Aim of the exercise ->
Copy out, from the entries below, each line holding the string "without".

---------- Data section ----------

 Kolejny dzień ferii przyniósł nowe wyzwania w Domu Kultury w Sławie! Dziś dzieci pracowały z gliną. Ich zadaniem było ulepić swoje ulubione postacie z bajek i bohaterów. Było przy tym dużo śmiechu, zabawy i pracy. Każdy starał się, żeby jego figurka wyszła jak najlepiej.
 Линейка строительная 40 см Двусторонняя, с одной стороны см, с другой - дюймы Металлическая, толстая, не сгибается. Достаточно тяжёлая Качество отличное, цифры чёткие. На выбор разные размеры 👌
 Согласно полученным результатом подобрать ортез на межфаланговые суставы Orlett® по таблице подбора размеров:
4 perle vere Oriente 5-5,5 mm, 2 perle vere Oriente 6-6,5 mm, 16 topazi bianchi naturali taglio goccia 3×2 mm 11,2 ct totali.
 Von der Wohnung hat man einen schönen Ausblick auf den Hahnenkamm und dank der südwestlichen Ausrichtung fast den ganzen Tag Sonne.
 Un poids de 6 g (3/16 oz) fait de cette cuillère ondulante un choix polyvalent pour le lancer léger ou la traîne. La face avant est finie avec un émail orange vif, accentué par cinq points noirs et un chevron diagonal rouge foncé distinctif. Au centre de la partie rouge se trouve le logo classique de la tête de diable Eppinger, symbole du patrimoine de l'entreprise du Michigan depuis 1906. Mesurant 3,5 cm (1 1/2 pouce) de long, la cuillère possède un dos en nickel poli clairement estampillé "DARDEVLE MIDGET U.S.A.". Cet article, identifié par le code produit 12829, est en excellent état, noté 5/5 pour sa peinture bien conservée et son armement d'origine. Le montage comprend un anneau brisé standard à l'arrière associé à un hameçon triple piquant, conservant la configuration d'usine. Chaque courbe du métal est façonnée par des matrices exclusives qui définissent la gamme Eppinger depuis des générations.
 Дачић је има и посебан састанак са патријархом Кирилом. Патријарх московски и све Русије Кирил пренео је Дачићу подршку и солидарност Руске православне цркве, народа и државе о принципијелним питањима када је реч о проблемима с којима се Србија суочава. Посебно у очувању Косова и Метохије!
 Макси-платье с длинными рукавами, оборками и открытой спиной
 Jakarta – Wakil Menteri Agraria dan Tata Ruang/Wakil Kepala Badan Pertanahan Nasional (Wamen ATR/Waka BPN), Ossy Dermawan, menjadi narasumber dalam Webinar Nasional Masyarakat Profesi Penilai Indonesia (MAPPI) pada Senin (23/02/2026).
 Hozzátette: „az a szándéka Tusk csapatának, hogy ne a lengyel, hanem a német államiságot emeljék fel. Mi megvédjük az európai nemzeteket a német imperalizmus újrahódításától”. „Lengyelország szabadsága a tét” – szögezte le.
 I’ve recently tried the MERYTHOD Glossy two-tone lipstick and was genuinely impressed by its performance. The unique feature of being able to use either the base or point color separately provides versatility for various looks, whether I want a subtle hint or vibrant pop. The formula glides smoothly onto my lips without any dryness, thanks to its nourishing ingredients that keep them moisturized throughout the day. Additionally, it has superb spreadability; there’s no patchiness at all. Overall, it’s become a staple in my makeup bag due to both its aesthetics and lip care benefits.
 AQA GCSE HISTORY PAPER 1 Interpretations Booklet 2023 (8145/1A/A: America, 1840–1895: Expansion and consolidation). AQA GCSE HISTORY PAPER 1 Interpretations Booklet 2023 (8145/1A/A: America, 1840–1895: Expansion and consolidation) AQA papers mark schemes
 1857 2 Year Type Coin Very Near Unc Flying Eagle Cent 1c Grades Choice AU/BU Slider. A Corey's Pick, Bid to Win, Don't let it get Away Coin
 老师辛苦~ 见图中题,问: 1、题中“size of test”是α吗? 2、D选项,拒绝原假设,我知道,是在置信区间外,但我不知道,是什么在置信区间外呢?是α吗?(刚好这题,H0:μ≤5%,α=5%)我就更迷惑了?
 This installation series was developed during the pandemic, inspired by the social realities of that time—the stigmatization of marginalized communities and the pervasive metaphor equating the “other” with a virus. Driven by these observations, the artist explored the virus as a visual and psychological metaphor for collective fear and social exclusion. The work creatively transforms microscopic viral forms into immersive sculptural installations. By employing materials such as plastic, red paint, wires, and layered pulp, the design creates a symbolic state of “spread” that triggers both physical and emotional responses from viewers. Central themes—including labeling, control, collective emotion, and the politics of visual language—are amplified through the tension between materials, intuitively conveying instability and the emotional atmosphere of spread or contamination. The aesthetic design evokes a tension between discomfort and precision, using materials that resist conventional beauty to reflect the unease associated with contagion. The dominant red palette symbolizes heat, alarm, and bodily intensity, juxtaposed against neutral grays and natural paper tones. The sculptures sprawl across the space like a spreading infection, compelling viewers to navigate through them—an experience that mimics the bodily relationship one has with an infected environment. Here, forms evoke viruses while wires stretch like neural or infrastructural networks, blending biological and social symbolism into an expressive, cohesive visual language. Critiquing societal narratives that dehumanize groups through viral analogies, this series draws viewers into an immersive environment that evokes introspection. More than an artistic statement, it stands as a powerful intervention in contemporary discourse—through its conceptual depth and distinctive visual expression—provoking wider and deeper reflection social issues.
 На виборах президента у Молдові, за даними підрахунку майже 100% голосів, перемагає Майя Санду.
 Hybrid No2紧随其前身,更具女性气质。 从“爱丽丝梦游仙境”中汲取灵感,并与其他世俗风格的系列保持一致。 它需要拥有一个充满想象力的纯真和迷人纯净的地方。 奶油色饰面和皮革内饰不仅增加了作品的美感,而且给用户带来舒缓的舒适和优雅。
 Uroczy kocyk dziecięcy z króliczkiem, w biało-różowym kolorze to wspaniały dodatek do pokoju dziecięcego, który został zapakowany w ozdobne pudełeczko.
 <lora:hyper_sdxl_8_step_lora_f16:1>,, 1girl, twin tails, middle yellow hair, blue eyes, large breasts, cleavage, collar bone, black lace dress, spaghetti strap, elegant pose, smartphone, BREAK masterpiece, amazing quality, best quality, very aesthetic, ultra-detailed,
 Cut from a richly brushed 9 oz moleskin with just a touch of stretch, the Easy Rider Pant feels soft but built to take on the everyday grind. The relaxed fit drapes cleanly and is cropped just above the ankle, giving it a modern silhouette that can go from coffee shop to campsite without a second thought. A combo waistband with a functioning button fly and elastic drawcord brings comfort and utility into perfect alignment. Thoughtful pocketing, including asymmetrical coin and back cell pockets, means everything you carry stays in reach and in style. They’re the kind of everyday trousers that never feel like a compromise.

----------

Solution ->
 I’ve recently tried the MERYTHOD Glossy two-tone lipstick and was genuinely impressed by its performance. The unique feature of being able to use either the base or point color separately provides versatility for various looks, whether I want a subtle hint or vibrant pop. The formula glides smoothly onto my lips without any dryness, thanks to its nourishing ingredients that keep them moisturized throughout the day. Additionally, it has superb spreadability; there’s no patchiness at all. Overall, it’s become a staple in my makeup bag due to both its aesthetics and lip care benefits.
 Cut from a richly brushed 9 oz moleskin with just a touch of stretch, the Easy Rider Pant feels soft but built to take on the everyday grind. The relaxed fit drapes cleanly and is cropped just above the ankle, giving it a modern silhouette that can go from coffee shop to campsite without a second thought. A combo waistband with a functioning button fly and elastic drawcord brings comfort and utility into perfect alignment. Thoughtful pocketing, including asymmetrical coin and back cell pockets, means everything you carry stays in reach and in style. They’re the kind of everyday trousers that never feel like a compromise.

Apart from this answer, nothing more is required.